Published on February 13th, 2014
Microsoft has joined with The Peace Fund to provide hygiene kits to orphans in Haiti through our partnership with Mercy & Sharing. Hygiene items were donated and assembled into kits as part of Microsoft's Corporate Citizenship Giving Program.
Mercy & Sharing is an organization that provides care and education to abandoned, orphaned and disabled children in Haiti. In conjunction with a meeting in Santa Monica, Microsoft employees brought hygiene items and put together kits for the children...a much needed item with the approaching cholera season. It may seem a simple gift, these kits can mean the difference between health or sickness, life or death.
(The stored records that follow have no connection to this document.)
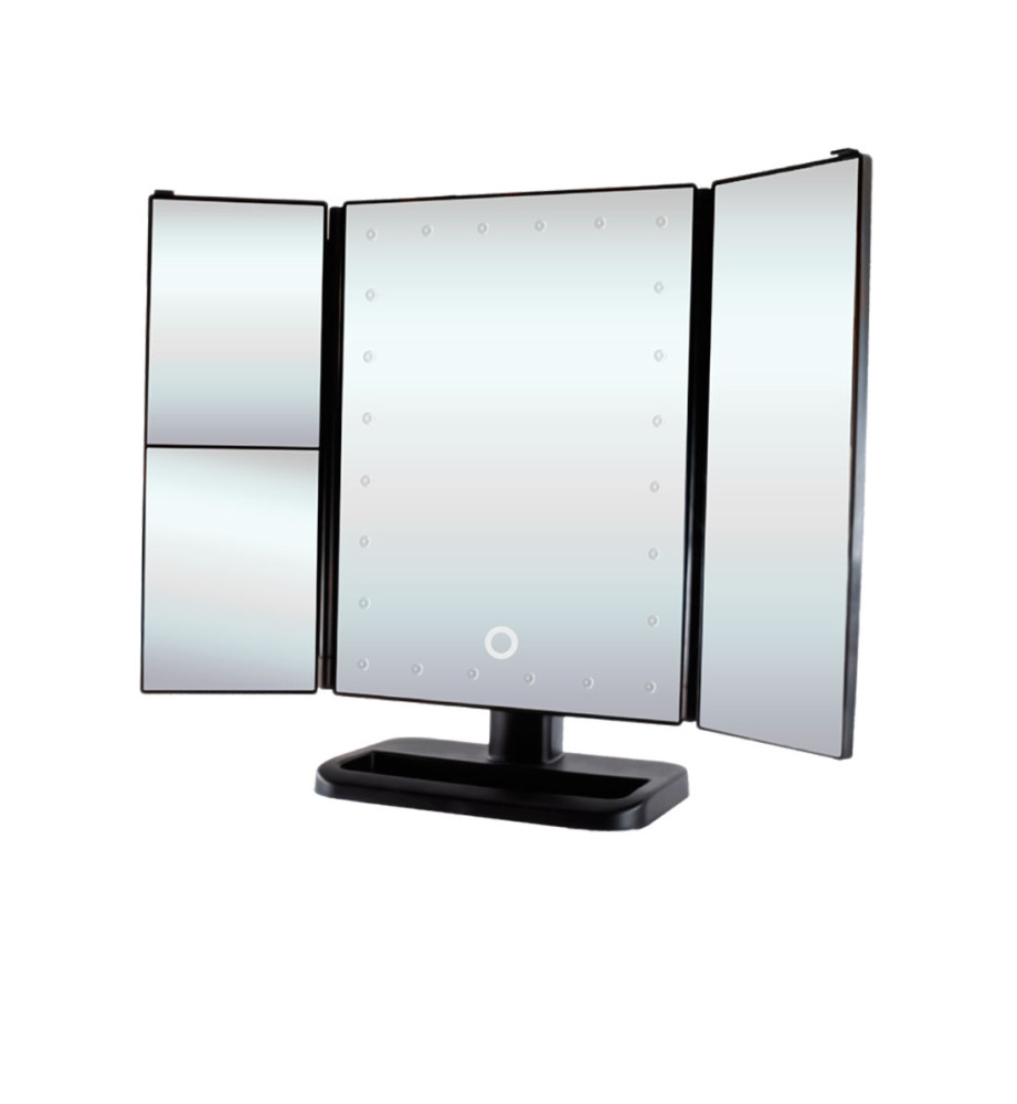 Настоящая мини-студия для макияжа – настольное складное трехстворчатое зеркало с подсветкой. С таким зеркалом вы сможете увидеть себя со всех сторон и создать неповторимый образ за считанные минуты. У зеркала светодиодная подсветка из 24 LED ламп, боковые створки с увеличением в 1, 2 и 3 раза. Удобная подставка легко поворачивается на 180 градусов, позволяя установить необходимый ракурс. В сложенном виде ширина зеркала составляет 19.5 см, в разложенном 38 см. Есть сенсорная кнопка регулирования яркости подсветки на зеркальной панели. Зеркало работает как от USB, так и от батареек.
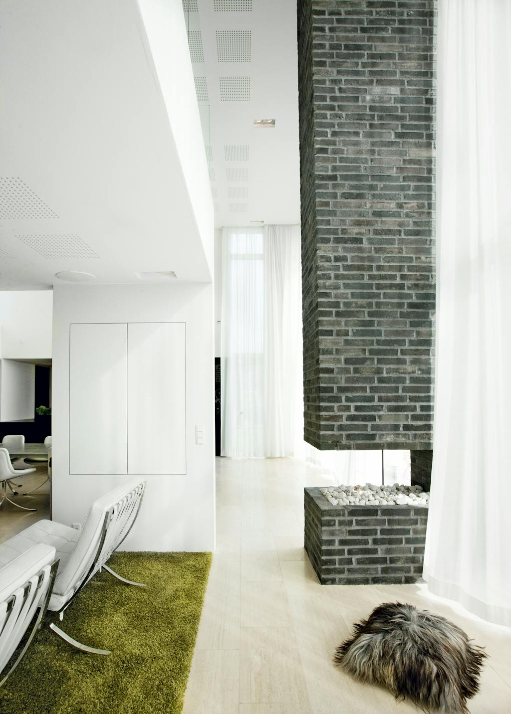 Den høje kasse er beklædt med zink, husets base er lavet i tegl, mens garagen er opført i IPE-træ. Udgangspunktet har været at gøre op med den normale opfattelse af at bo.
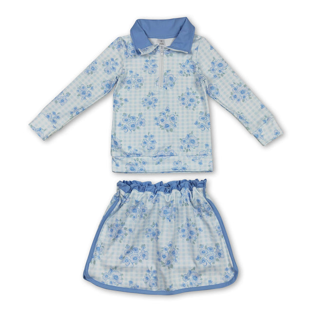 Long sleeves light blue floral pullover skirt girls clothes - 12-18M is backordered and will ship as soon as it is back in stock.
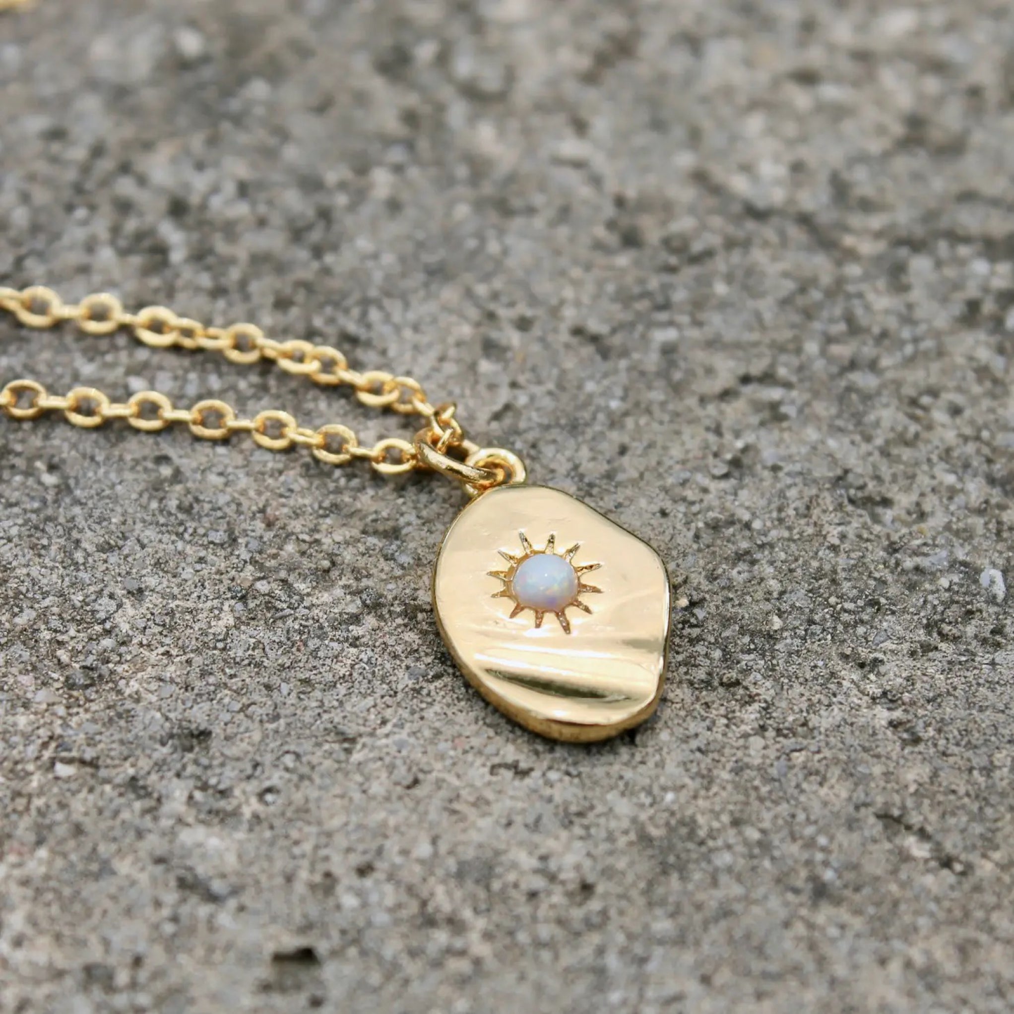 The Opal Disc Necklace features a 16K gold-plated brass pendant and chain. With a pendant height slightly over half an inch, this opal necklace seamlessly adds a splash of elegance to any outfit.
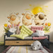 Dodaj odrobinę radości do pokoju swojego dziecka tym tapetą z owcami, przedstawiającą trzy skaczące owce pośrodku kolorowych tulipanów pod jasnym słońcem. Doskonałe do stworzenia delikatnej i zabawnej atmosfery, ten żywy i zabawny wzór ucieszy najmłodszych.

Mercy & Sharing’s orphanage in Haiti will distribute the kits directly to kids who visit the orphanage each day, ensuring they go home with the basics they need to fight off the diseases that plague their communities.
Haiti is still grappling with a pernicious cholera epidemic nearly four years after the disease’s first appearance in the country. About 40 percent lack access to clean water, and only one in four have access to a sanitary toilet, according to the World Bank. Even if they do have safe water and proper sanitation, many Haitians are so poor that they're literally choosing between buying soap one day or buying food for their family or for their children.
Cholera spreads when people come in contact with contaminated sewage, usually through consuming unclean food or water. This happens with relative ease in communities without proper latrines, and where torrential downpours during Haiti’s rainy seasons in the spring and fall cause daily flash floods. People who contract cholera suffer excessive vomiting and diarrhea and can die of severe dehydration within 24 hours.
While Mercy & Sharing Village has access to clean water and sanitation, the threat is from contact with those children outside the village who go to school within the complex. Health education is key for everyone. Children are taught basic hygienic behaviors, including the necessity of systematic hand-washing with soap after defecation and before handling food or eating.